Problem to work on - A verbatim copy of the full data, with no pictures, is the expected answer.

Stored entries
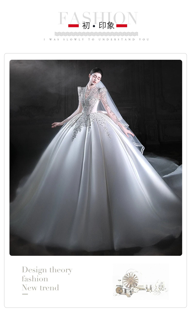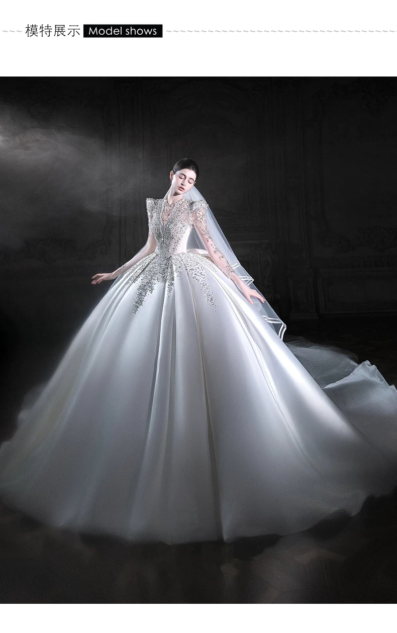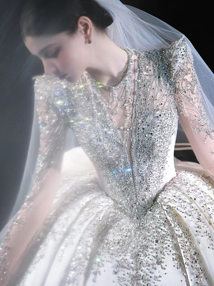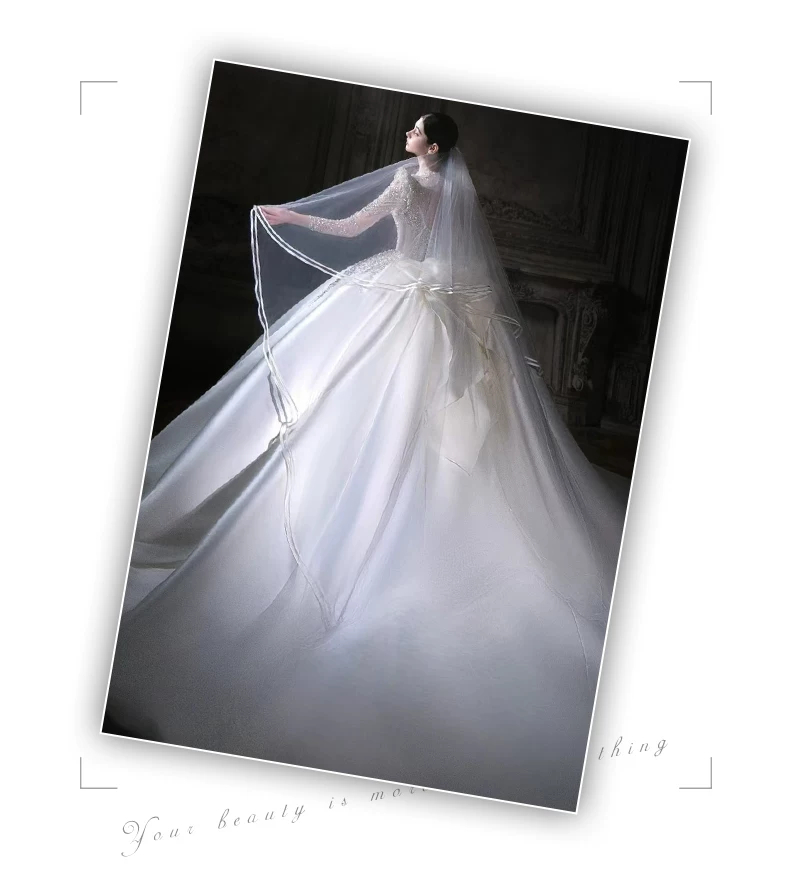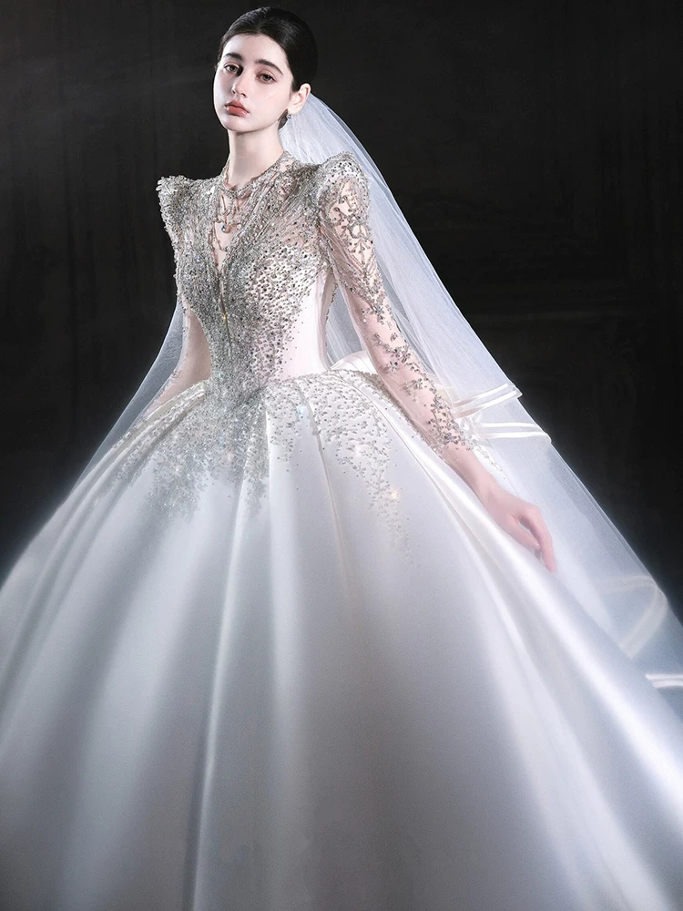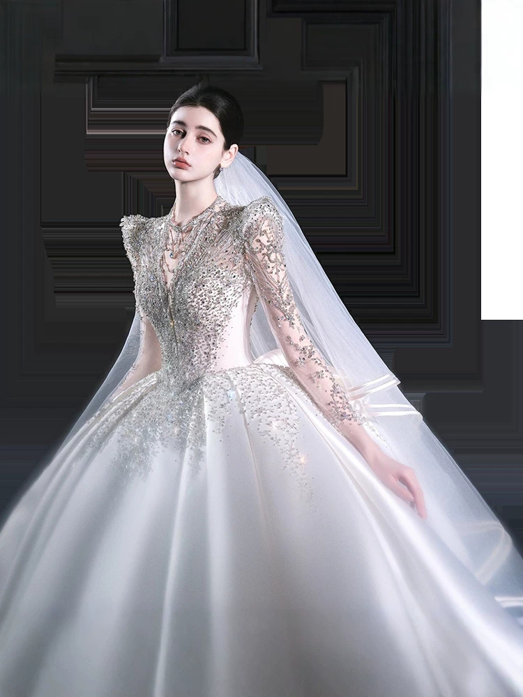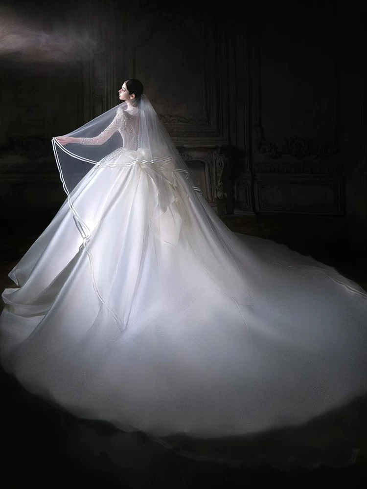 Váy cưới dài tay bằng vải satin kiểu Pháp, kiểu dáng mới năm 2026, váy cưới chính cao cấp màu trắng với đuôi váy dài.
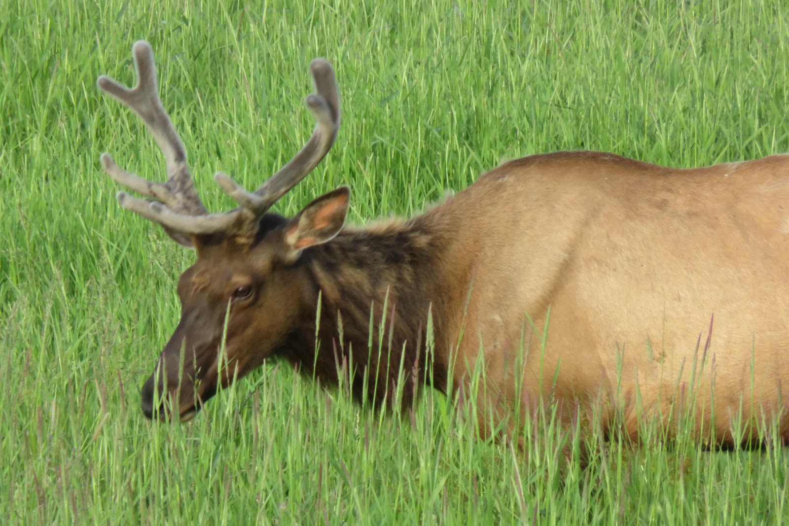 Males have velvet covered antlers...some just nubs, but since this is spring and females have recently calfed, there is no aggression and fight for dominance. I am so blessed these creatures chose to feed right by the road tonight!
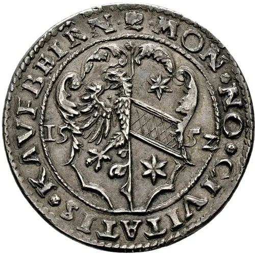 Technical/Grading: Struck in silver at 8.66 grams and 30 millimeters, the 1552 Zwanziger would have been produced using traditional hammer striking methods. For grading, key high-points to examine include the details of the city gate or tower, particularly its architectural elements and any surrounding legends, as well as the intricate feathers and regalia of the Imperial Eagle. A superior example would exhibit a well-centered strike with full details on both obverse and reverse, minimal planchet flaws, and a strong impression, contrasting with common weak strikes inherent to the period's minting technology.
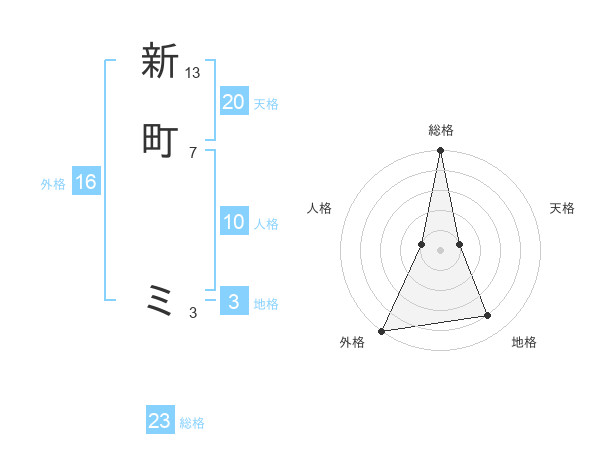 新町 ミさんの総格は23画の5点!
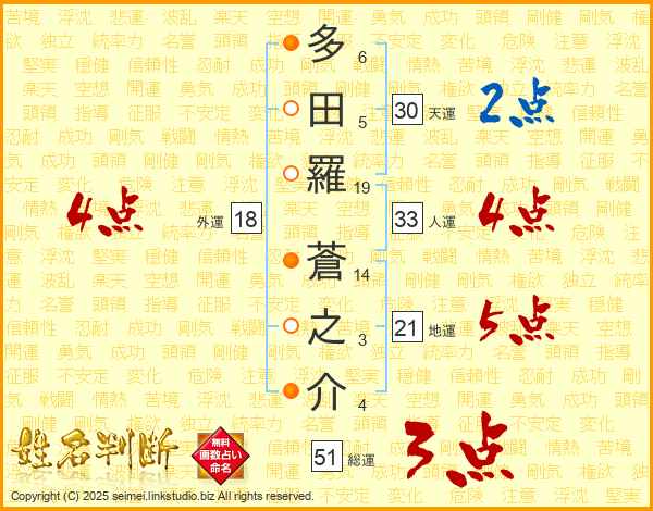 多(6画)田(5画)羅(19画) 蒼(14画)之(3画)介(4画)
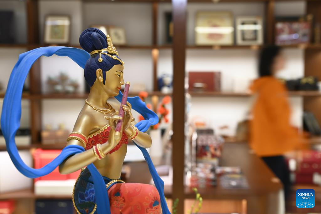 A tourist tries clay sculpture making at the Dunhuang Book Center in Dunhuang, northwest China's Gansu Province, Oct. 11, 2025. In recent years, Dunhuang has advanced the development of immersive cultural and tourism experience projects. By renovating unused buildings, new cultural landmarks centered on Dunhuang culture have been created, including the Dunhuang Book Center, Dunhuang Press, and Dunhuang Unbounded art gallery. These cultural attractions combining cultural consumption, art exhibitions, interactive experiences, and social activities attract a large number of visitors. (Xinhua/Fan Peishen)
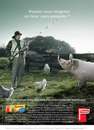Les connaisseurs reconnaîtront en ces vertébrés des espèces en voie de disparition et/ou longtemps victimes de surpêche. En effet Findus explique cette envolée des prix par la raréfaction de ces matières premières, avec notamment de moins en moins de poissons sauvages, alors que la demande mondiale explose*…

Response area -
 Váy cưới dài tay bằng vải satin kiểu Pháp, kiểu dáng mới năm 2026, váy cưới chính cao cấp màu trắng với đuôi váy dài.
 Males have velvet covered antlers...some just nubs, but since this is spring and females have recently calfed, there is no aggression and fight for dominance. I am so blessed these creatures chose to feed right by the road tonight!
 Technical/Grading: Struck in silver at 8.66 grams and 30 millimeters, the 1552 Zwanziger would have been produced using traditional hammer striking methods. For grading, key high-points to examine include the details of the city gate or tower, particularly its architectural elements and any surrounding legends, as well as the intricate feathers and regalia of the Imperial Eagle. A superior example would exhibit a well-centered strike with full details on both obverse and reverse, minimal planchet flaws, and a strong impression, contrasting with common weak strikes inherent to the period's minting technology.
 新町 ミさんの総格は23画の5点!
 多(6画)田(5画)羅(19画) 蒼(14画)之(3画)介(4画)
 A tourist tries clay sculpture making at the Dunhuang Book Center in Dunhuang, northwest China's Gansu Province, Oct. 11, 2025. In recent years, Dunhuang has advanced the development of immersive cultural and tourism experience projects. By renovating unused buildings, new cultural landmarks centered on Dunhuang culture have been created, including the Dunhuang Book Center, Dunhuang Press, and Dunhuang Unbounded art gallery. These cultural attractions combining cultural consumption, art exhibitions, interactive experiences, and social activities attract a large number of visitors. (Xinhua/Fan Peishen)
Les connaisseurs reconnaîtront en ces vertébrés des espèces en voie de disparition et/ou longtemps victimes de surpêche. En effet Findus explique cette envolée des prix par la raréfaction de ces matières premières, avec notamment de moins en moins de poissons sauvages, alors que la demande mondiale explose*…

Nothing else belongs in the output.